Apparently, the new “Alzheimer’s blood test” that Mark Mapstone and colleagues have discussed in Nature is not necessarily the game changer early news reports have made it out to be.
The researchers looked only at 525 people, the people in the study cohort were all 70 or older, and the test detected traces of chemicals associated with Alzheimer’s just three years before the people tested developed symptoms of the disease.
The test caught only about 90 percent of the people who developed symptoms of Alzheimer’s, and it falsely indicated that 10 percent of the people who stayed healthy would develop Alzheimer’s.
So, the test is probably not coming to a private long-term care insurance (LTCI) underwriting lab near you any time soon.
But, what if the researchers do figure out how to develop a version of the test that is to Alzheimer’s what a dollar-store pregnancy test now is to pregnancy, and people of all ages can use the test?
If LTCI carriers could use the results from the test, maybe that would make writing profitable coverage for “houses that aren’t already on fire” much easier.
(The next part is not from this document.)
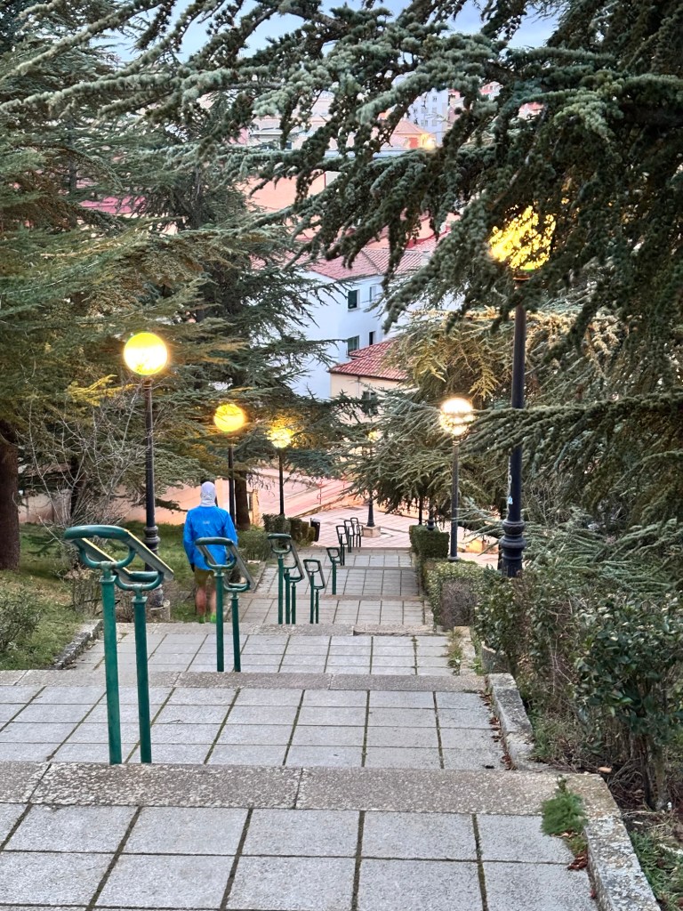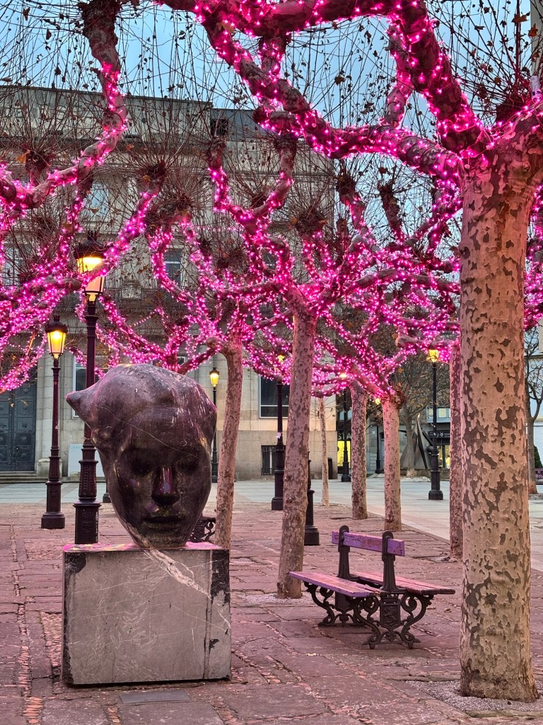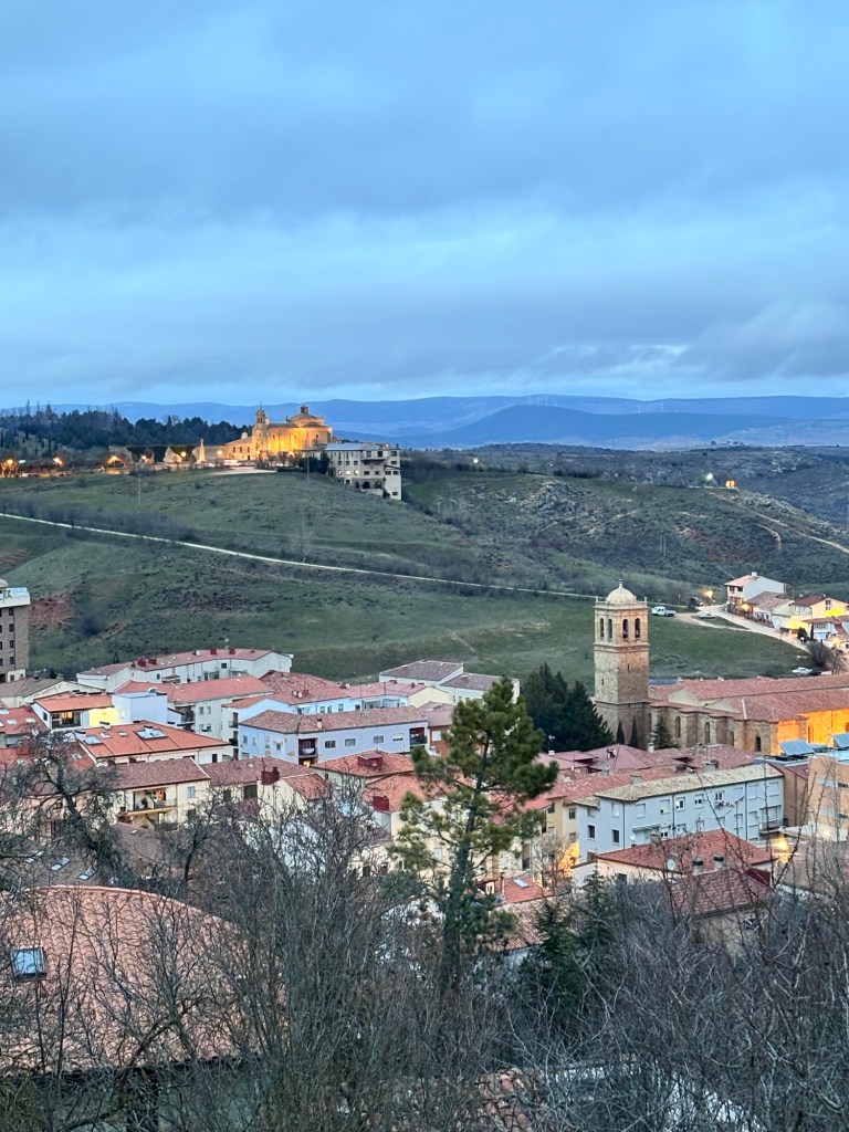 Ce n’est pas du soleil, mais ce n’est pas la pluie non plus qui nous accueille à Soria. Cette ancienne place forte est aujourd’hui une ville qui s’étire sur plusieurs collines. À quelques jours de la fête des rois, elle brille de toutes ses lumières LED et de ses décos de Noël.

People who knew they were going to suffer from at least some degree of dementia in old age could use some combination of private savings, family help and government programs to cope with the known challenges of the future. Maybe they could start early with efforts to make arrangements that would minimize the financial cost of dealing with dementia and maximize their quality of life.
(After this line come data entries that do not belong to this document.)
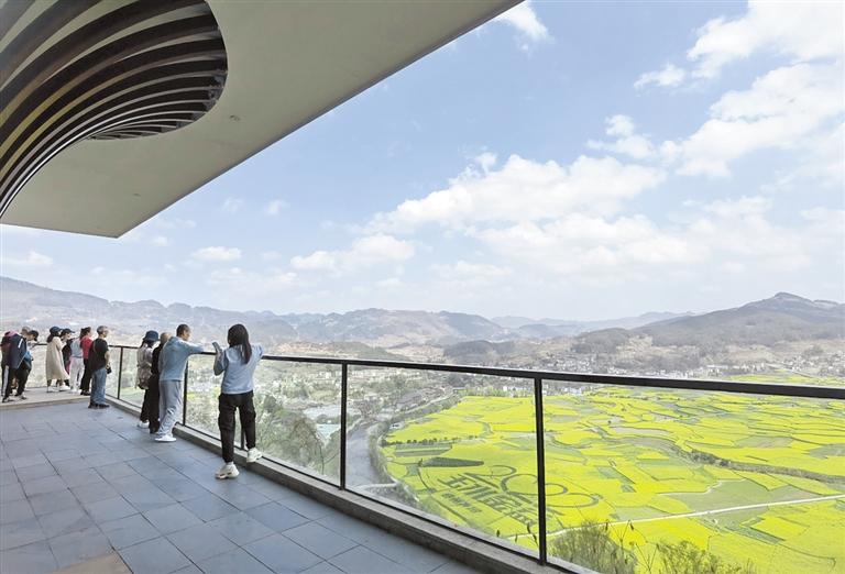 开阳县星悦田园民宿酒店观景台,游客在欣赏油菜花海。 方春英 摄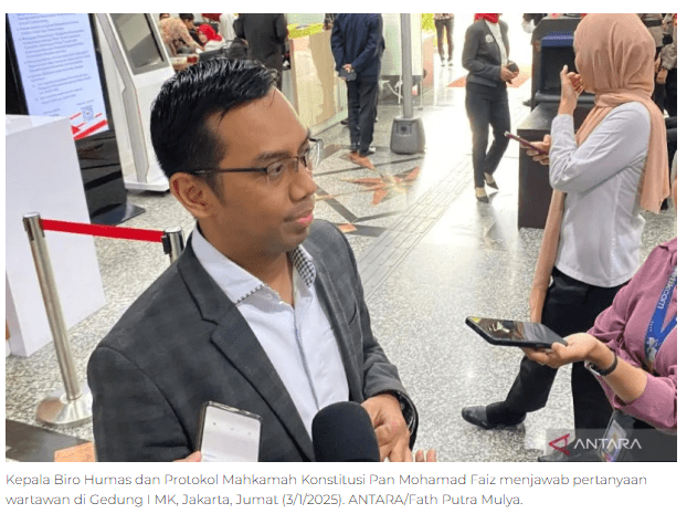 SENTANINEWS.ID – JAKARTA – Mahkamah Konstitusi secara resmi telah meregistrasi sebanyak 309 perkara perselisihan hasil pemilihan gubernur, bupati, dan wali kota atau sengketa Pemilihan Kepala Daerah (Pilkada) 2024 per Jumat pukul 14.49 WIB. “Hari ini, tanggal 3 Januari 2025 sudah dilakukan registrasi perkara untuk permohonan yang masuk. Jumlahnya itu 309 perkara perselisihan hasil pemilihan kepala daerah,” kata Kepala Biro Humas dan Protokol MK Pan Mohamad … Lanjutkan membaca MK telah registrasi 309 perkara sengketa Pilkada 2024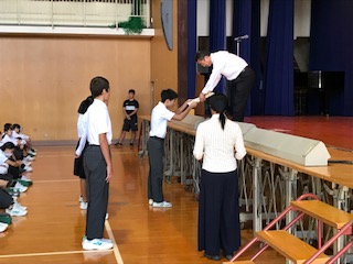 陸上部、大阪市秋季総合体育大会、男子3年走り幅跳び、第2位上前くん、2年200m、第3位芦高くん、1年走り高跳び、第1位北田くん、女子3年100m、第2位野口陽香里さん、2年100m、第2位東野さん、共通400mリレー、第2位野口陽香里さん、野口明香里さん、東野さん、北野さん。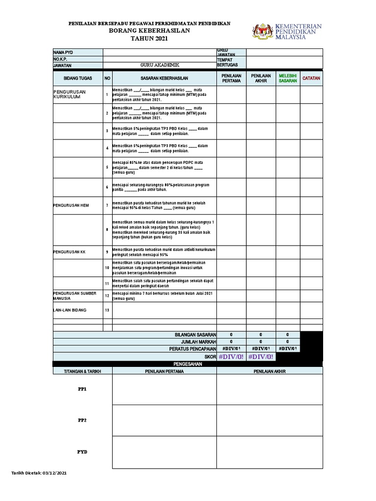 Borang ini yang telah siap akan dinilai sebanyak 2 kali setahun. Pengetua Guru Besar Pengurusan 1 Memastikan semua panitia mencapai perbelanjaan 100 bagi peruntukan yang ditetapkan. Penulisan sasaran keberhasilan perlu disesuaikan.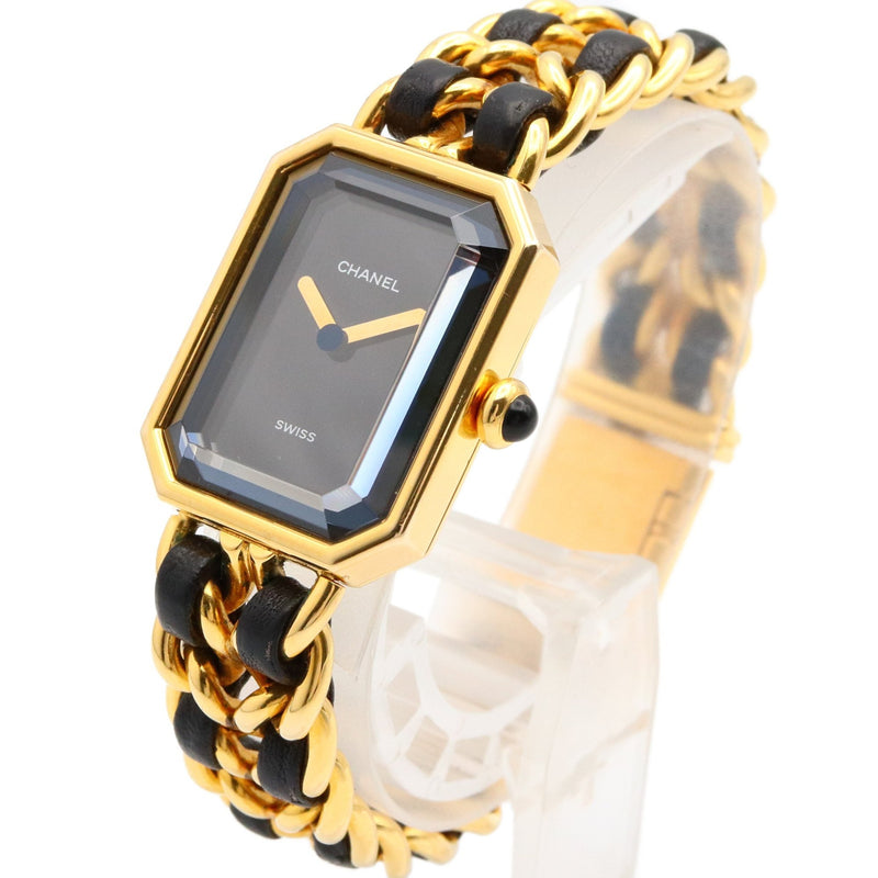 Pre-Owned CHANEL Premiere S Watch, GP (Gold Plated), Leather, Women's, Black, H0001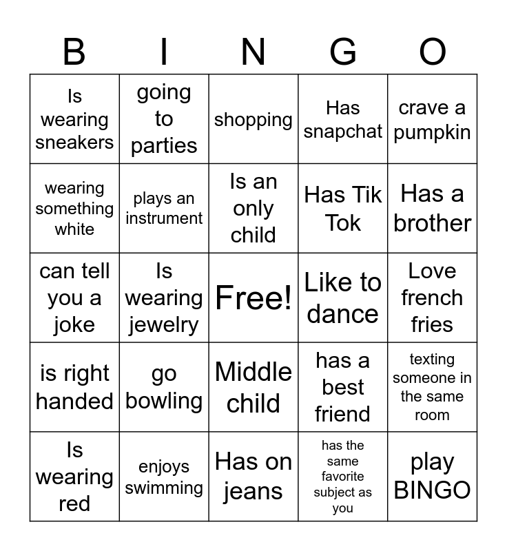 This bingo card has a free space and 39 words: Has a pet, Is wearing blue, gone fishing, plays an instrument, Is wearing red, Middle child, Is an only child, Wear glasses, crave a pumpkin, is right handed, Is wearing jewelry, Has snapchat, play BINGO, Love french fries, Like to dance, go bowling, Play a sport, Is wearing sneakers, likes chocolate ice cream, has a best friend, wearing something white, Has on jeans, Has Tik Tok, Has a brother, take a lot of selfies, has Facebook, enjoys video games, Likes to sing, is afraid of spiders, going to parties, ride a bike, is wearing something white, shopping, enjoys swimming, has the same favorite subject as you, Is the oldest child, texting someone in the same room, can tell you a joke and use social media.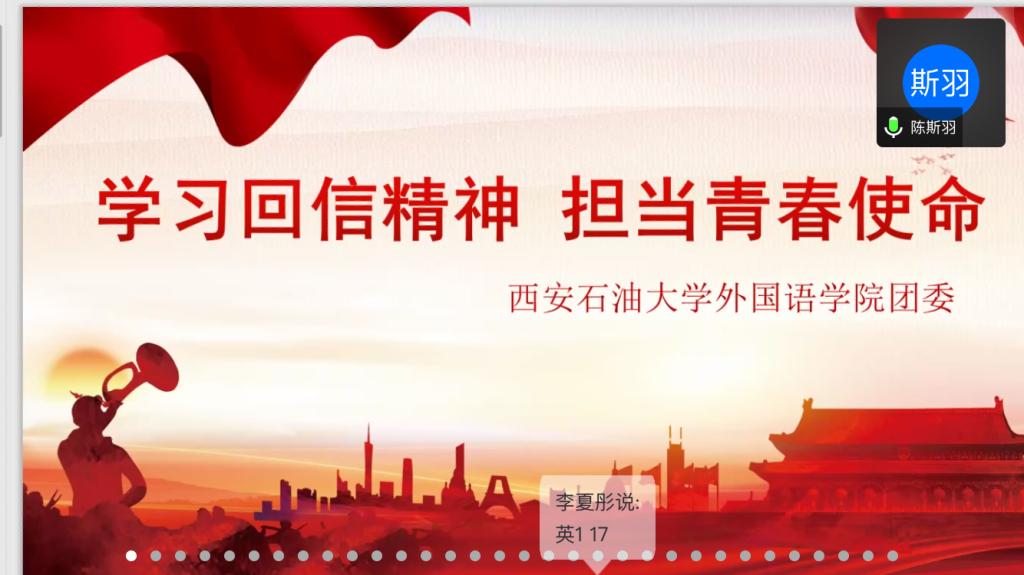 的团员同学用“云端相聚”方式一起完成了特殊的主题团日活动,本次“双语学”主题团日活动融合了自身专业,契合了时代背景。希望同学们牢记习近平总书记对青年学生的希望和要求,正确面对疫情,牢记责任使命,按照党中央、教育部的要求,认真做好网络教学课堂学习,坚决做到“停课不停学”;希望学院团委在服务好第一课堂专业学习的同时,积极利用QQ、微信公众号等网络平台,结合学院专业开展特色鲜明的第二课堂学习活动,丰富同学们精神文化生活,提升学生综合素质水平;希望同学们将习近平总书记的回信精神溶于血液中,在青春奋斗中践行使命,写好自己的青春故事,培育爱国情怀和树立报国之志,锤炼过硬本领,做有知识、有能力、有高度社会责任感的新时代青年。

The carriers could focus on spending less to pay richer benefits to the many people who would still be at risk of needing long-term care later in life because of strokes, heart attacks, accidents or many other health problems.
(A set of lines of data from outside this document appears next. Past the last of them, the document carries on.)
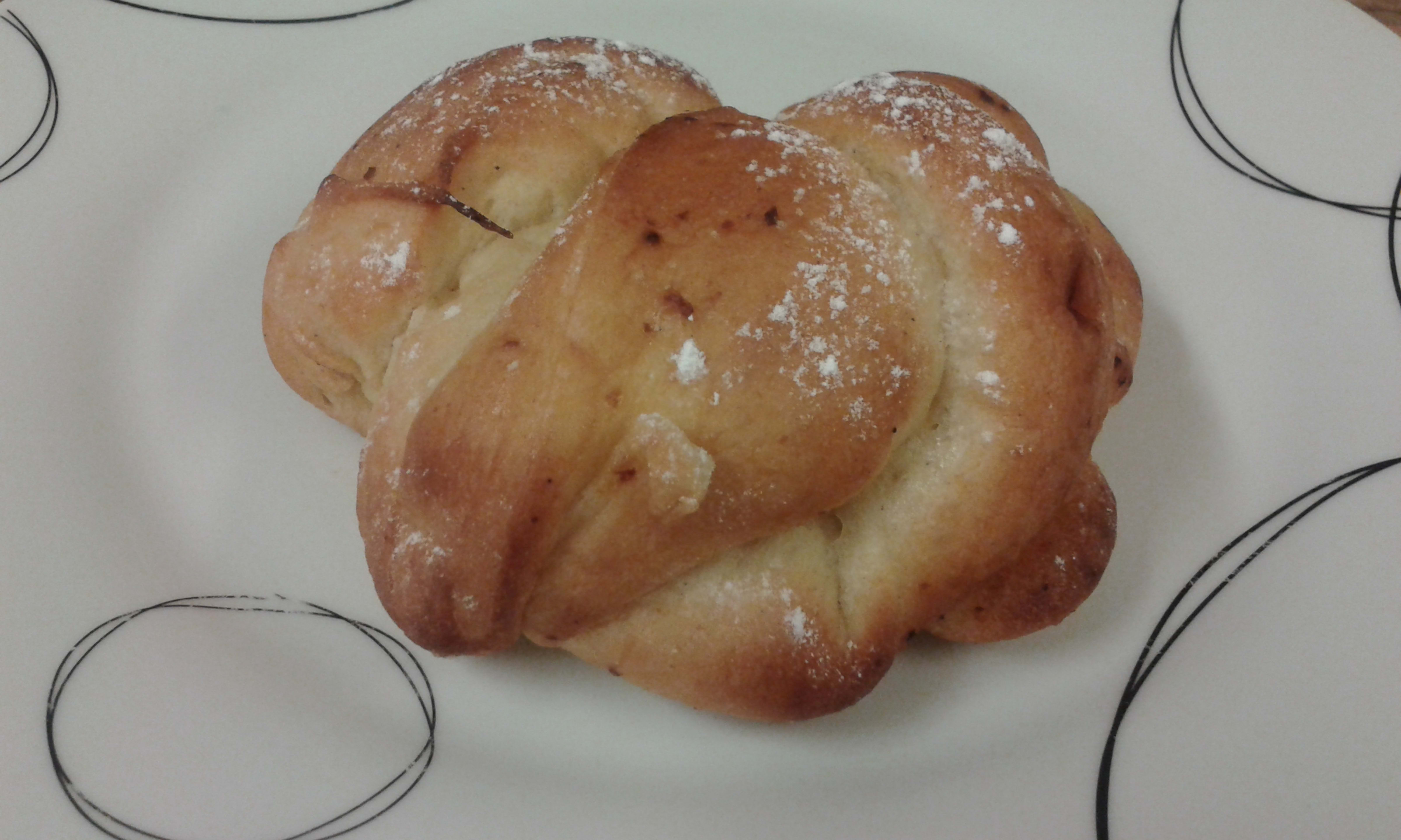 Smør et lag lemon curd på hele firkanten. Rull deigen sammen. Del rullen opp i snurrer. Du kan også lage fletter eller forme de slik du vil. Bruk fantasien. Gjør det samne med den andre halvdelen. Settes på bakepapir-kledd stekeplate og heves i 30-45 min. Smør de så med egg og strø perlesukker over.
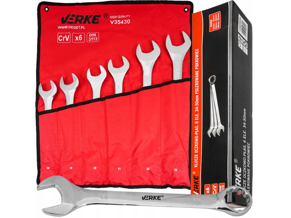 Комплект звездогаечни ключове 6 бр. 34-50мм полирани с калъф VERKE V35430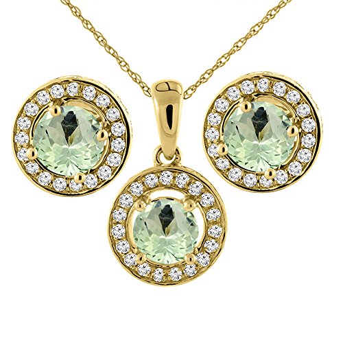 -. Title : 14K Yellow Gold Natural Green Amethyst Earrings and Pendant Set with Diamond Halo Round 5 mm

If, on the other hand, kind-hearted lawmakers or regulators prohibited insurers from using the results of the tests, that would eliminate the LTCI market. Even if lawmakers prohibited consumers from taking the tests and lying about the results, of course, smart people would go to a non-U.S. country, take the test under an assumed name, and then, if the results were positive, in a scary way, come back and stock up on private LTCI and related products.
Of course, that kind of LTCI arbitrage situation would last only as long as it took for the insurers to yank their products off the market. As soon as the possibility of that kind of asymmetric access to information existed, insurers would be filing product withdrawal applications as quickly as they could hit the return keys on their computers.